Rywalizację w singlu ATP 500 w Waszyngtonie Hubert Hurkacz rozpoczął od pojedynku z Amerykaninem Michaelem Mmohem. Wrocławianin nie byłby sobą gdyby nie zagwarantował nam trzysetowego widowiska zakończonego niestety porażką 1:2.
Hurkacz mecz rozpoczął w najgorszym z możliwych stylu – od przegrania podania.
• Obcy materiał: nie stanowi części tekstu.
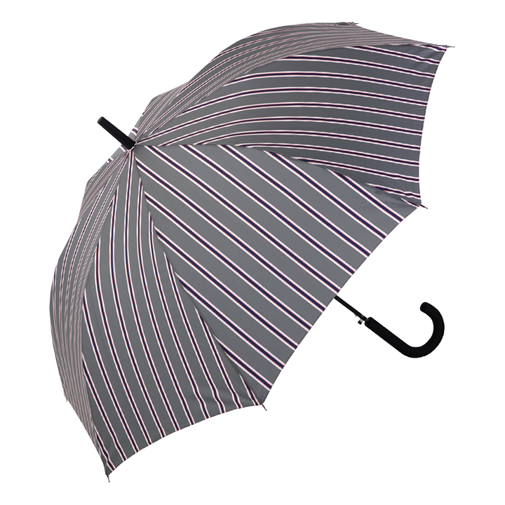 風に強いグラスファイバー骨のメンズジャンプ傘です。強風で傘がひっくり返っても簡単にもとに戻る構造です。おしゃれなストライプ柄で傘生地は超撥水仕様、手元はフィット感抜群のラバー仕様になっています。親骨サイズは大型65cmです。

Wychowany w Arabii Saudyjskiej rywal, również obdarzony mocnym serwisem, w pierwszej partii przy stanie 5:3 za drugim razem wykorzystał piłkę setową.
Polak popełniał dużo niewymuszonych błędów przy wymianie piłek czy też serwisach. Nie pomagały mu asy (w sumie 20:7). Amerykanin zdobywał więcej punktów po pierwszym podaniu i rozgrywał mecz na swoich warunkach.
Przeczytaj: Niespodziewany transfer Manchesteru United
W drugim secie zawodnicy na przemian wygrywali własne podania. Mmoh miał co prawda piłkę meczową, ale asy serwisowe Hurkacza doprowadziły do tie-breaka. W nim Polak grał znacznie lepiej.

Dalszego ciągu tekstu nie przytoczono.